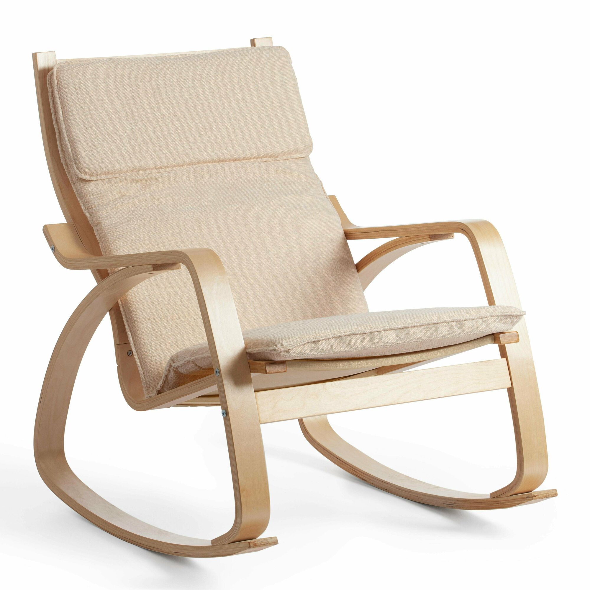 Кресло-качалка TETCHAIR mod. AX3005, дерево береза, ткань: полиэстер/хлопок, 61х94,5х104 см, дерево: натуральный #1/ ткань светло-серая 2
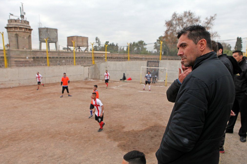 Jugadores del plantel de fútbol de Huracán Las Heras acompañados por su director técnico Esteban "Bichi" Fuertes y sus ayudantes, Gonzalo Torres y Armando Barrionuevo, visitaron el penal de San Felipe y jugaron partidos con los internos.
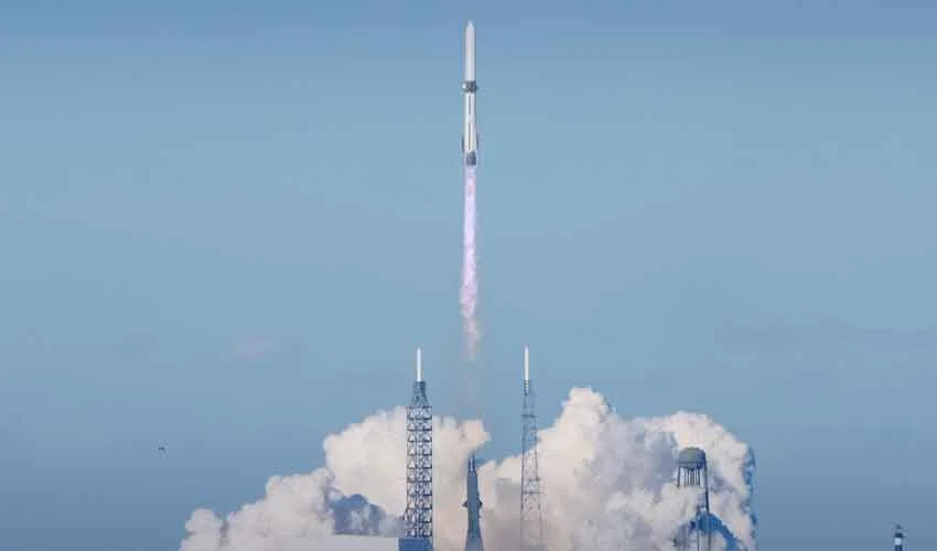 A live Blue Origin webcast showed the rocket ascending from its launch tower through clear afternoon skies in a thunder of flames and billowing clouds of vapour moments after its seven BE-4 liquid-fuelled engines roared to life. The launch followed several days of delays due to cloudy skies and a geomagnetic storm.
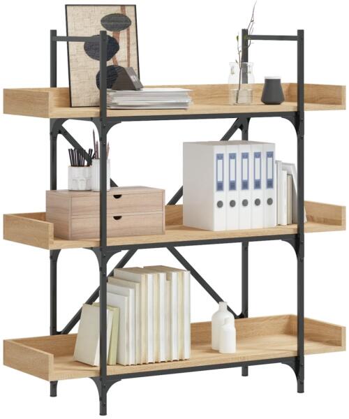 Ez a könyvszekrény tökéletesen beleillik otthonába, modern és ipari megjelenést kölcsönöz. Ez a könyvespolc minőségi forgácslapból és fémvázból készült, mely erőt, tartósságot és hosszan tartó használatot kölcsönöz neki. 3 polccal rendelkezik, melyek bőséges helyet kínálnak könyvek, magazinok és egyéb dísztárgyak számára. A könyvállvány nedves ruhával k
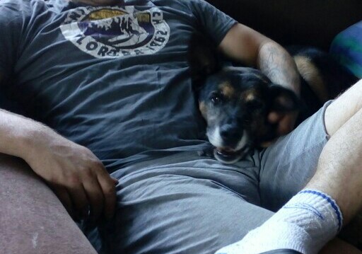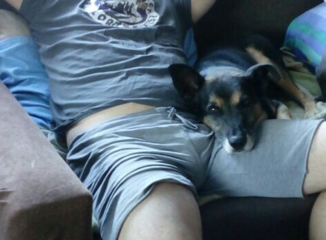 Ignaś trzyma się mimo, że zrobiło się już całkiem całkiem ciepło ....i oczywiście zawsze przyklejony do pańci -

────────

**What to work on**
Print the lines from the beginning of the records up to and including the line containing "Jugadores del plantel", word for word, with no pictures.

**Written response**
 Кресло-качалка TETCHAIR mod. AX3005, дерево береза, ткань: полиэстер/хлопок, 61х94,5х104 см, дерево: натуральный #1/ ткань светло-серая 2
 Jugadores del plantel de fútbol de Huracán Las Heras acompañados por su director técnico Esteban "Bichi" Fuertes y sus ayudantes, Gonzalo Torres y Armando Barrionuevo, visitaron el penal de San Felipe y jugaron partidos con los internos.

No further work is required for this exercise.